Required action
Copy out exactly, from the entries that follow, the line holding "The new fire", the line holding "Deniz suyunda, gemi", and all lines between them, but no pictures.

Data shown
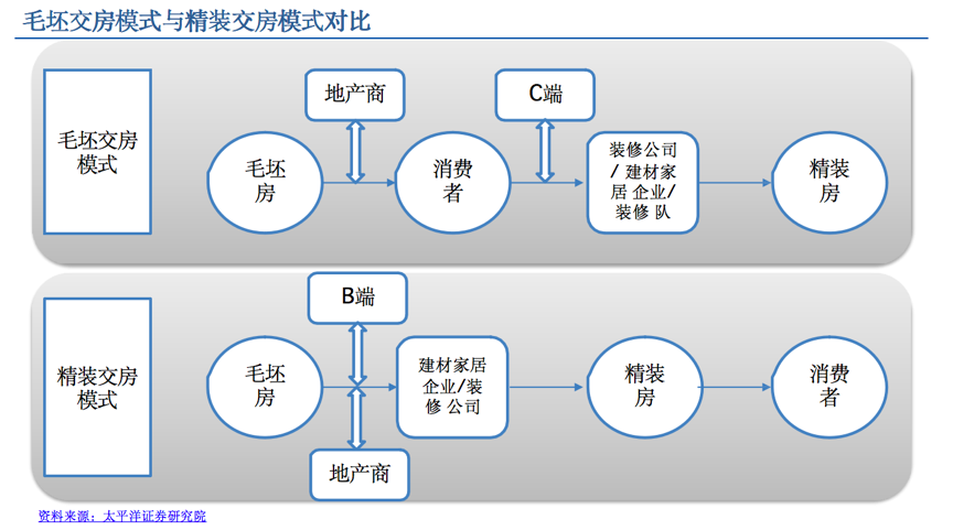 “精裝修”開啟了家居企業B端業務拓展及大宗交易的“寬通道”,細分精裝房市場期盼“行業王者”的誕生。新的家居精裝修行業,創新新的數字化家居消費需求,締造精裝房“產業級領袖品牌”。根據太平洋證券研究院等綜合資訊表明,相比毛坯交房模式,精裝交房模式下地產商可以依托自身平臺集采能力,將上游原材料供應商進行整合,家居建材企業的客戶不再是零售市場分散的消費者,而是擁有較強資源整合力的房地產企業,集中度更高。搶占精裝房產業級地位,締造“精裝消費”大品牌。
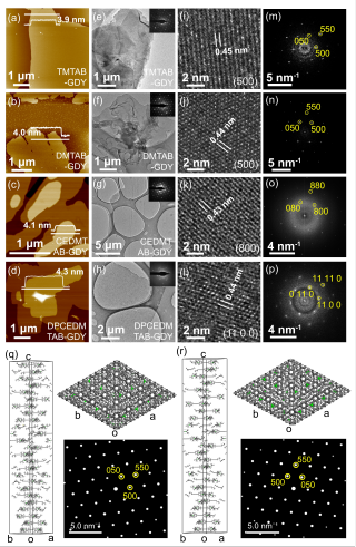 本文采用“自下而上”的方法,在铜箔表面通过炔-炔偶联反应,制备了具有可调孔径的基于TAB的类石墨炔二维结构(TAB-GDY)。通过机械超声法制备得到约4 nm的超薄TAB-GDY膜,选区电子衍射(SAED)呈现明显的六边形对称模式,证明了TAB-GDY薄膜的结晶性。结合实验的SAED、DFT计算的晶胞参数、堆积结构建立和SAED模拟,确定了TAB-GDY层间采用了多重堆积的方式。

...

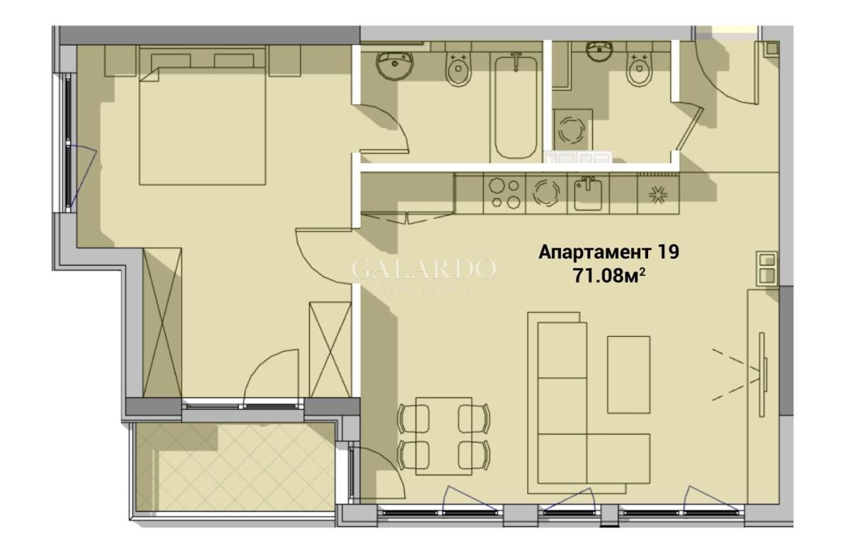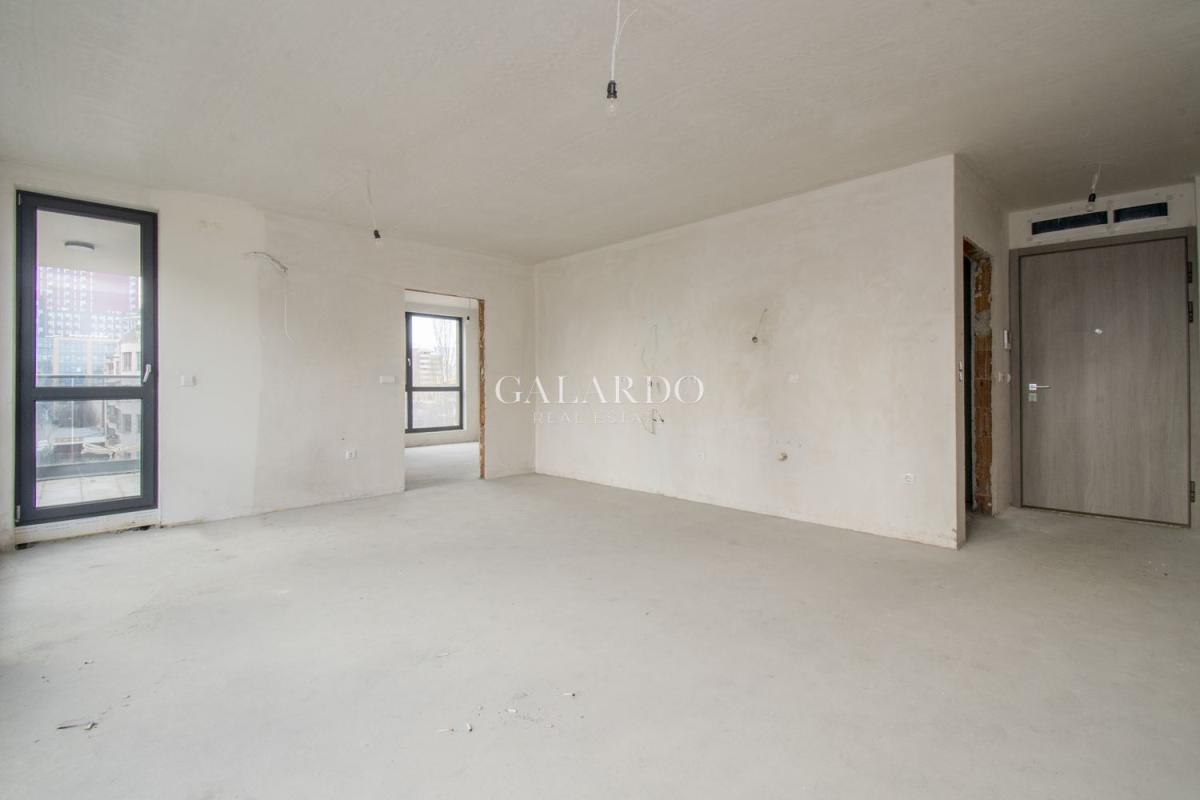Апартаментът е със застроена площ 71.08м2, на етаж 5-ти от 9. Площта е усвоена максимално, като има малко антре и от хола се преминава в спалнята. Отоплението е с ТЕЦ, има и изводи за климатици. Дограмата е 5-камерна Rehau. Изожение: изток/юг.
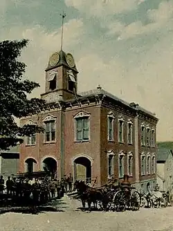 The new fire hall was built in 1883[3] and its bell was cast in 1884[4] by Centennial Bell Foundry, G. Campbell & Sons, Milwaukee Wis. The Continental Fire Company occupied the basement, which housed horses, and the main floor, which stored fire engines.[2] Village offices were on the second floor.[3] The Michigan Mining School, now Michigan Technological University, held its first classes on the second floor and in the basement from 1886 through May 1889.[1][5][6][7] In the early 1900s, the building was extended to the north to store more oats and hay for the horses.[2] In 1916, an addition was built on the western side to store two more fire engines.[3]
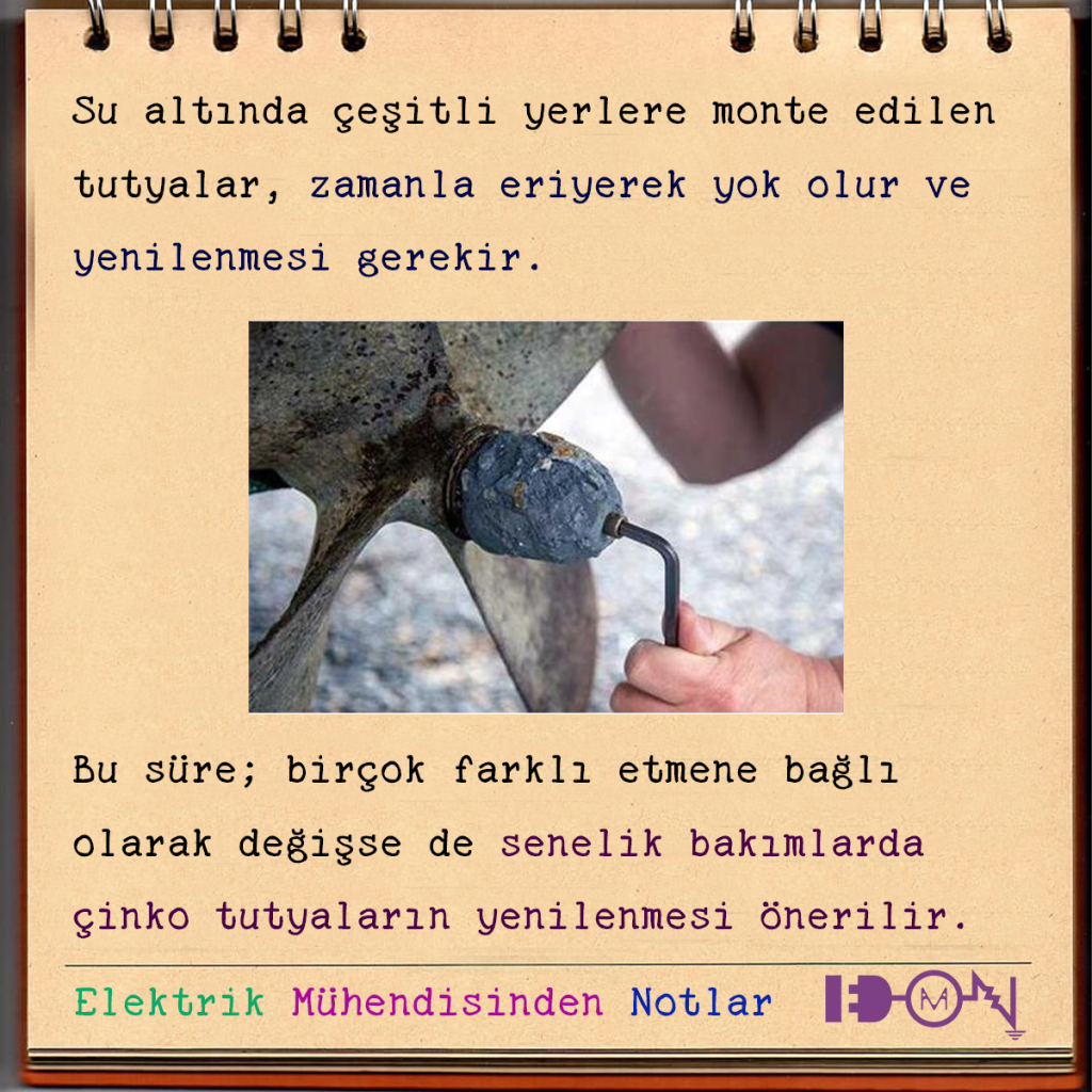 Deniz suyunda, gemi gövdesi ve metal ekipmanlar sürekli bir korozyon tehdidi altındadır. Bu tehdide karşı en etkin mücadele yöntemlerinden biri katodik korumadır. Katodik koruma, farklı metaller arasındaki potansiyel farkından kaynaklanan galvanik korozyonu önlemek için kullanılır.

* * *

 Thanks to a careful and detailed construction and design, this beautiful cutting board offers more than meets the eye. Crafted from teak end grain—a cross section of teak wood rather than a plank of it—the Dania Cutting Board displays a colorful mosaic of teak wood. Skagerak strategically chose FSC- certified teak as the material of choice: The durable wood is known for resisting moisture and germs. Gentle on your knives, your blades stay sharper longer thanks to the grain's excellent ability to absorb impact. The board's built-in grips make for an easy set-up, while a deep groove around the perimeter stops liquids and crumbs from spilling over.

Output below
 The new fire hall was built in 1883[3] and its bell was cast in 1884[4] by Centennial Bell Foundry, G. Campbell & Sons, Milwaukee Wis. The Continental Fire Company occupied the basement, which housed horses, and the main floor, which stored fire engines.[2] Village offices were on the second floor.[3] The Michigan Mining School, now Michigan Technological University, held its first classes on the second floor and in the basement from 1886 through May 1889.[1][5][6][7] In the early 1900s, the building was extended to the north to store more oats and hay for the horses.[2] In 1916, an addition was built on the western side to store two more fire engines.[3]
 Deniz suyunda, gemi gövdesi ve metal ekipmanlar sürekli bir korozyon tehdidi altındadır. Bu tehdide karşı en etkin mücadele yöntemlerinden biri katodik korumadır. Katodik koruma, farklı metaller arasındaki potansiyel farkından kaynaklanan galvanik korozyonu önlemek için kullanılır.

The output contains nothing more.